ACTIVITY -
From the data below, repeat everything exactly except the images.

DATASET EXCERPT -
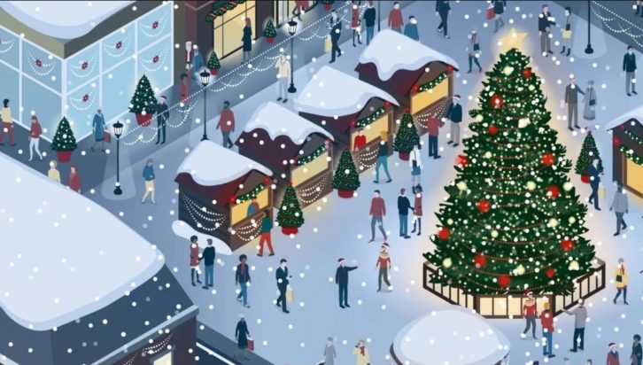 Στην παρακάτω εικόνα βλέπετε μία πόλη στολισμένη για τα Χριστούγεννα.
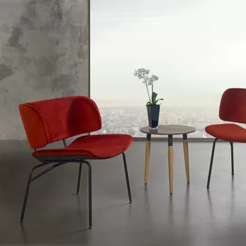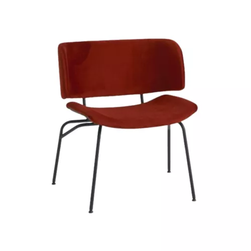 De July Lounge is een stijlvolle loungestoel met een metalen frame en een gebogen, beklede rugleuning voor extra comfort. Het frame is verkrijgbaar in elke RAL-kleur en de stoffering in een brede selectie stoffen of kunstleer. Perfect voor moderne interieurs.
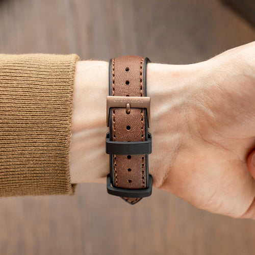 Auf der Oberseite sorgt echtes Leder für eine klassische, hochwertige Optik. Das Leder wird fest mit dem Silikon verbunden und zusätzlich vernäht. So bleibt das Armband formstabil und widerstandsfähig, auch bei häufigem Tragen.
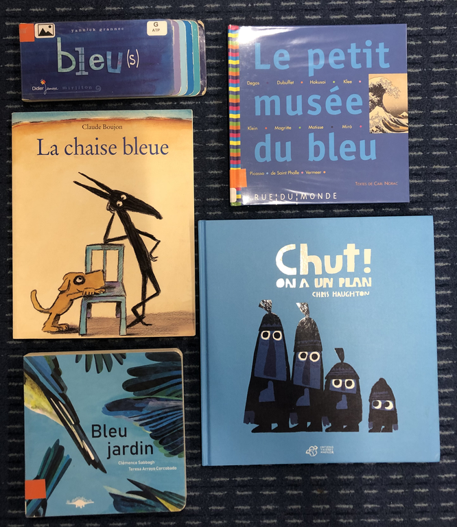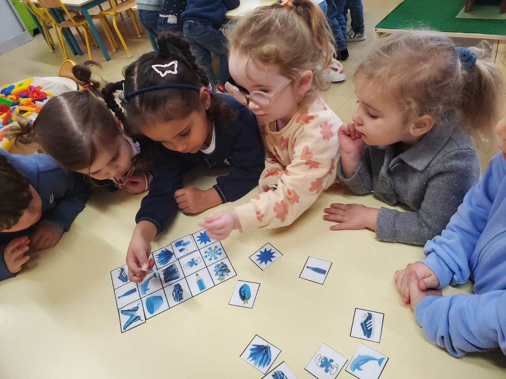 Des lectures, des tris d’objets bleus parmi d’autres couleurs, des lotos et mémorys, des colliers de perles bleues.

RESPONSE TO THIS EXERCISE -
 Στην παρακάτω εικόνα βλέπετε μία πόλη στολισμένη για τα Χριστούγεννα.
 De July Lounge is een stijlvolle loungestoel met een metalen frame en een gebogen, beklede rugleuning voor extra comfort. Het frame is verkrijgbaar in elke RAL-kleur en de stoffering in een brede selectie stoffen of kunstleer. Perfect voor moderne interieurs.
 Auf der Oberseite sorgt echtes Leder für eine klassische, hochwertige Optik. Das Leder wird fest mit dem Silikon verbunden und zusätzlich vernäht. So bleibt das Armband formstabil und widerstandsfähig, auch bei häufigem Tragen.
 Des lectures, des tris d’objets bleus parmi d’autres couleurs, des lotos et mémorys, des colliers de perles bleues.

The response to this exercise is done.